Mr. Perlman was present at the conferences held later which led to the retraction.

Aaron Sapiro, in a statement telegraphed to the Jewish Telegraphic Agency from Saskatoon, Saskatchewan, declared:

“Ford’s repudiation of the anti-Semitic policy of his Dearborn Independent is a direct result of the light thrown on him in the Detroit case. The public generally resented his failure to meet in court the charges his agents had been making in their private press. Finally, the light dawned on him and he has made himself again acceptable to intelligent people by his frank disavowal of the policies and acts of his employees on the Dearborn Independent.

“We have been negotiating for some time on a settlement of the suit,” Mr. Sapiro declared.

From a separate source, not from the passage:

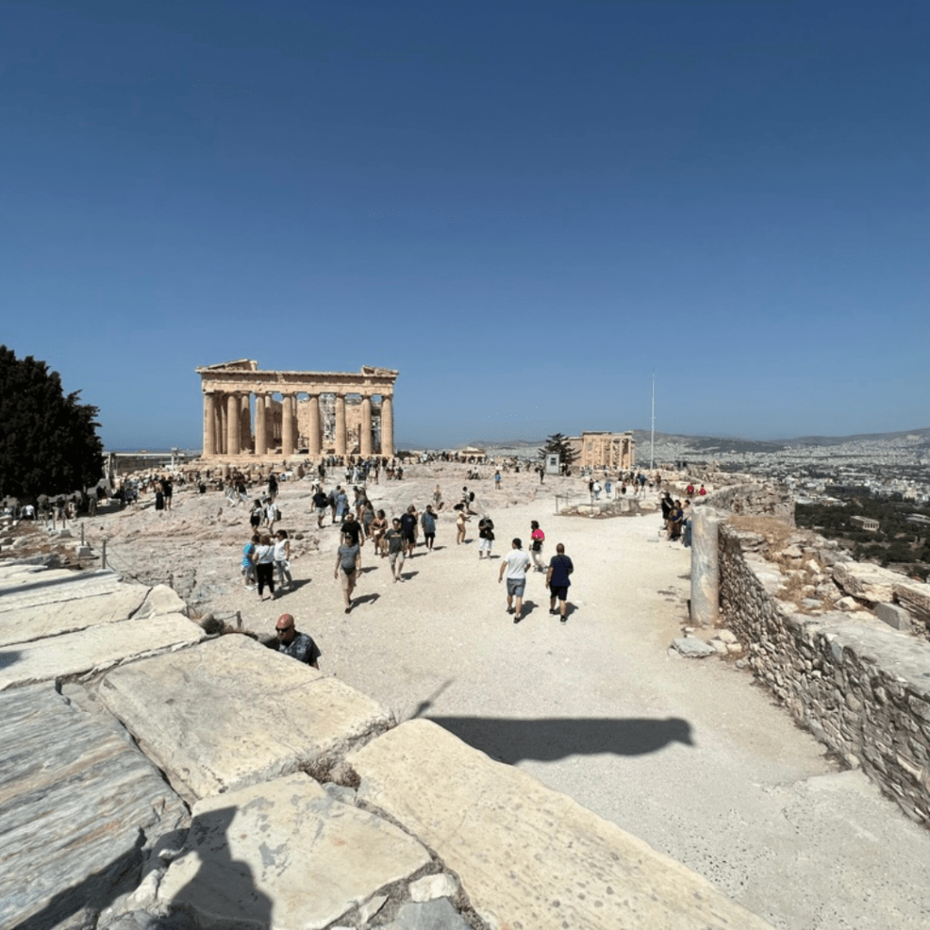 As for weather and types of clothing. Athens was the warmest place we went to. The city has cobblestones and a slope so I don’t recommend heels, you could probably get away with some platform shoes. Most people wore sundresses and sandals. The Acropolis was rocky and dusty so I was glad I wore tennis shoes.

James Davis, prominent in Jewish circles in Chicago, declared in a statement to the Jewish Telegraphic Agency representative there that “Ford did himself credit when he changed his attitude when the opportunity presented itself. He is a peculiar man. He probably did not realize what was being done and realizing it now took advantage of the time to recant. He is trained for one thing alone.”

Uncertainty prevailed with regard to whether Herman Bernstein would withdraw his $200,000 libel suit against Ford.

The New York Herald-Tribune states it is informed that “Earl J. Davis, of Detroit, who formerly was an Assistant United States Attorney General, went to Washington several weeks ago to seek the advice of politicians, including a New York Jew who is a Representative in Congress, as to means of saving Mr. Ford from going on the witness stand in the Sapiro case.

“He is said to have told the New York Representative that Mr. Ford was perturbed over the prospect of the retrial of the case next September, and also that Mr. Ford and his family were anxious to put an end to the controversies and ill-feeling which the articles in “The Dearborn Independent” had engendered.

“Mr. Davis was advised to come to New York and address himself to some prominent member of New York Jewry,” the Tribune states.